*** Opening of Recorded data ***

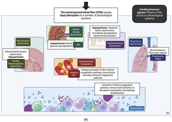 Finally, CPB can have detrimental effects on a number of systems, including effects on coagulation due to contact activation and the release of tissue factor from the surgical field of operation []. Neurological sequelae can be mainly attributed to I/R injury as well as hypoperfusion and hypoxia []. Hypoperfusion, along with pre-existing conditions such as T2DM or poor glucose regulation, can also contribute to acute kidney injury (AKI) []. Reactions to substances employed for heparin reversal (protamine) or blood products may lead to bronchospasm [], whilst excessive fluid transfusion can cause transfusion-related acute lung injury (TRALI) and non-cardiogenic pulmonary edema []. Finally, the general hypoperfusion associated with the operation can also lead to the hypoperfusion of abdominal viscera and gastrointestinal injury. This eventually results in injury/cell death of the intestinal epithelium, dysregulation in intestinal microbiota, and, as a result, bacterial translocation across the intestinal barrier causing multiple organ dysfunction [] (Figure 1).
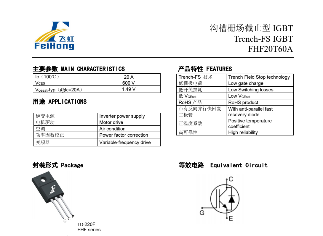 飛虹半導(dǎo)體逆勢發(fā)布:國產(chǎn)IGBT單管60T65A、75T65A、20T60A強勢來襲! 2023-04-03
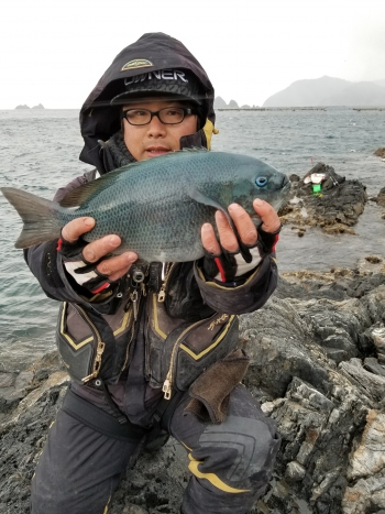 渋谷君にもイサギはもちろんのこと、40cmを超える口太グレも掛かりました。
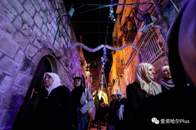 在巴勒斯坦的古都斯,古都斯和遠寺的守護者們在上周便開始到來裝扮這座千年古城,在每條街道和巷道,在每一個浸滿了歷史滄桑的青石小道上,古都斯的青年守護者們將街道裝扮得色彩紛呈,而在古都斯的老城區內,各種琳琅滿目的糖果和糕點,則擺滿了街道,禮完拜後的人們會捎帶上些給家人
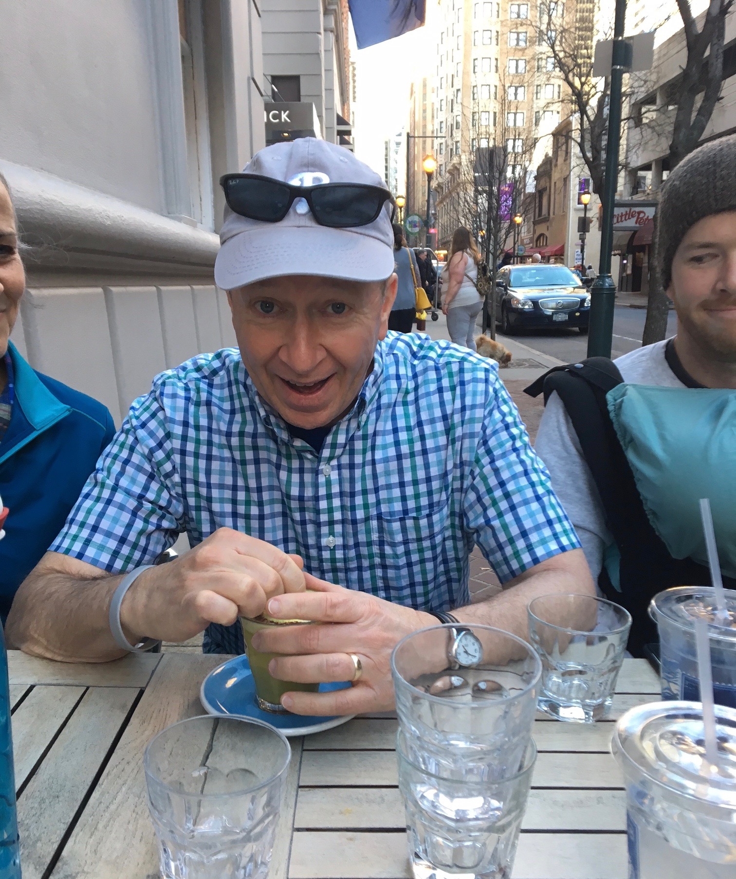 I was just learning how to use my 99-cent phone and thought it was cool to take this kind of picture. (Doesn’t everybody do this now?) Giles Emery taught me at lunch later that day how to hit a button so I didn’t have to take a “blind shot”. Connie and I are on our second phones now, using technology more comfortably.
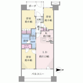 間取り 3LDK 専有面積 64.86m2(19.6坪) 壁芯
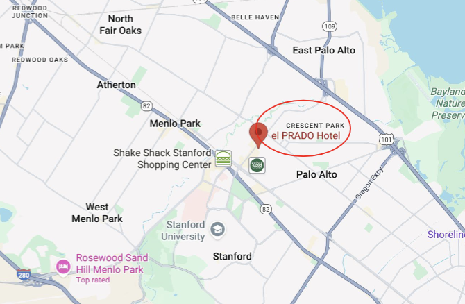 Our event will be taking place at el Prado Hotel, Palo Alto, California.
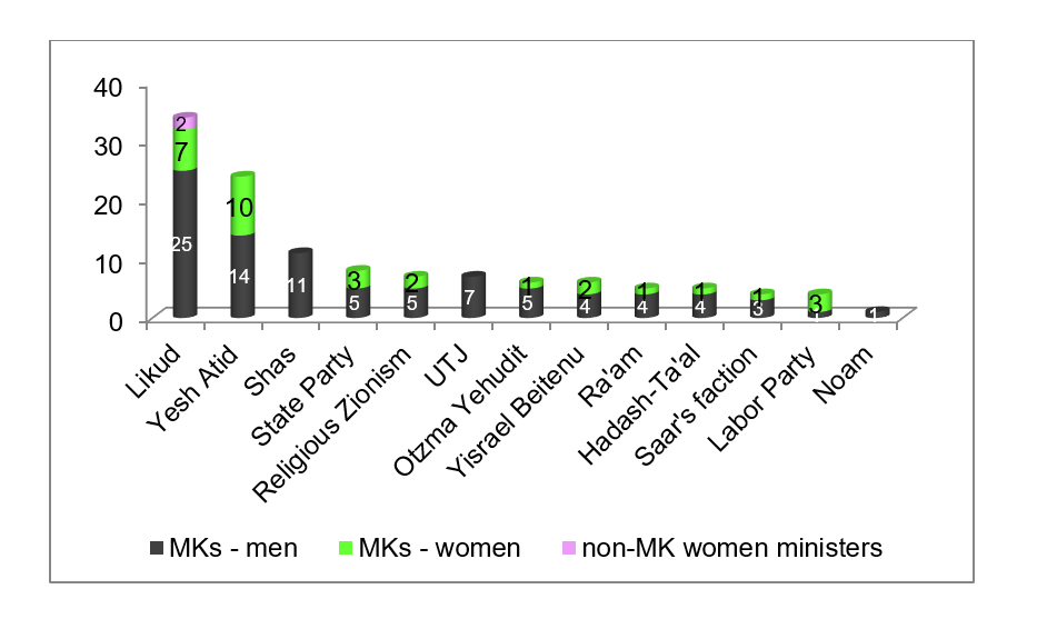 The impressive improvement in women's representation in the Knesset that was seen between 1999 and 2015 has halted in the past decade. This is true in government as well, where the representation of women is actually regressing rather than improving compared to the previous government, and is particularly low compared to other democracies.
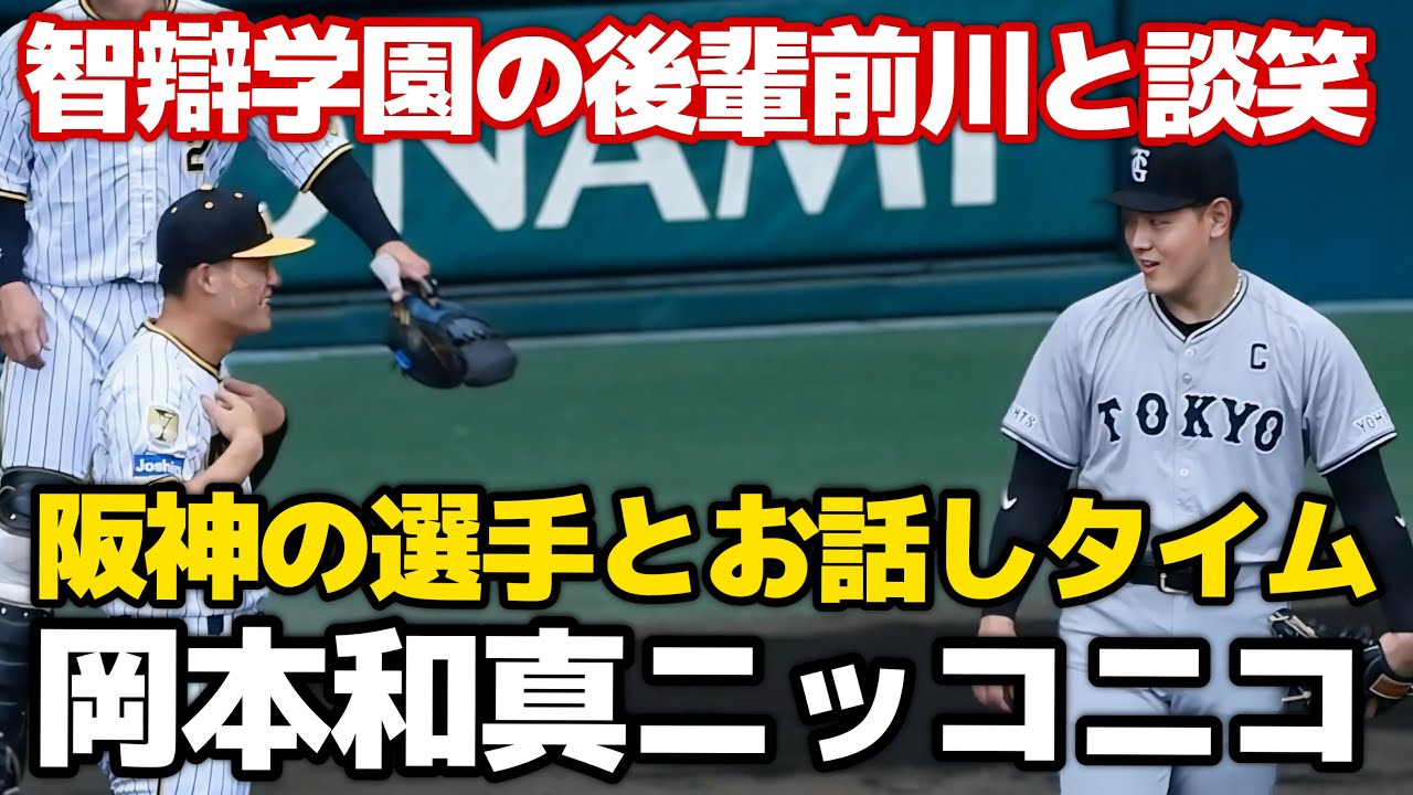 【嬉しさ隠しきれず】試合中絡み不可のレフトを守った岡本和真さん、試合前にたっぷり阪神の選手とお話しできてニッコニコになってしまう。智辯学園の後輩、前川とも笑顔で談笑 2024.7.30

*** Close of Recorded data ***

Problem to solve = Only the lines from the first line of the data above through the line with "Our event will" should appear in the answer, retyped exactly, with every picture left out.

Output of the task =
 Finally, CPB can have detrimental effects on a number of systems, including effects on coagulation due to contact activation and the release of tissue factor from the surgical field of operation []. Neurological sequelae can be mainly attributed to I/R injury as well as hypoperfusion and hypoxia []. Hypoperfusion, along with pre-existing conditions such as T2DM or poor glucose regulation, can also contribute to acute kidney injury (AKI) []. Reactions to substances employed for heparin reversal (protamine) or blood products may lead to bronchospasm [], whilst excessive fluid transfusion can cause transfusion-related acute lung injury (TRALI) and non-cardiogenic pulmonary edema []. Finally, the general hypoperfusion associated with the operation can also lead to the hypoperfusion of abdominal viscera and gastrointestinal injury. This eventually results in injury/cell death of the intestinal epithelium, dysregulation in intestinal microbiota, and, as a result, bacterial translocation across the intestinal barrier causing multiple organ dysfunction [] (Figure 1).
 飛虹半導(dǎo)體逆勢發(fā)布:國產(chǎn)IGBT單管60T65A、75T65A、20T60A強勢來襲! 2023-04-03
 渋谷君にもイサギはもちろんのこと、40cmを超える口太グレも掛かりました。
 在巴勒斯坦的古都斯,古都斯和遠寺的守護者們在上周便開始到來裝扮這座千年古城,在每條街道和巷道,在每一個浸滿了歷史滄桑的青石小道上,古都斯的青年守護者們將街道裝扮得色彩紛呈,而在古都斯的老城區內,各種琳琅滿目的糖果和糕點,則擺滿了街道,禮完拜後的人們會捎帶上些給家人
 I was just learning how to use my 99-cent phone and thought it was cool to take this kind of picture. (Doesn’t everybody do this now?) Giles Emery taught me at lunch later that day how to hit a button so I didn’t have to take a “blind shot”. Connie and I are on our second phones now, using technology more comfortably.
 間取り 3LDK 専有面積 64.86m2(19.6坪) 壁芯
 Our event will be taking place at el Prado Hotel, Palo Alto, California.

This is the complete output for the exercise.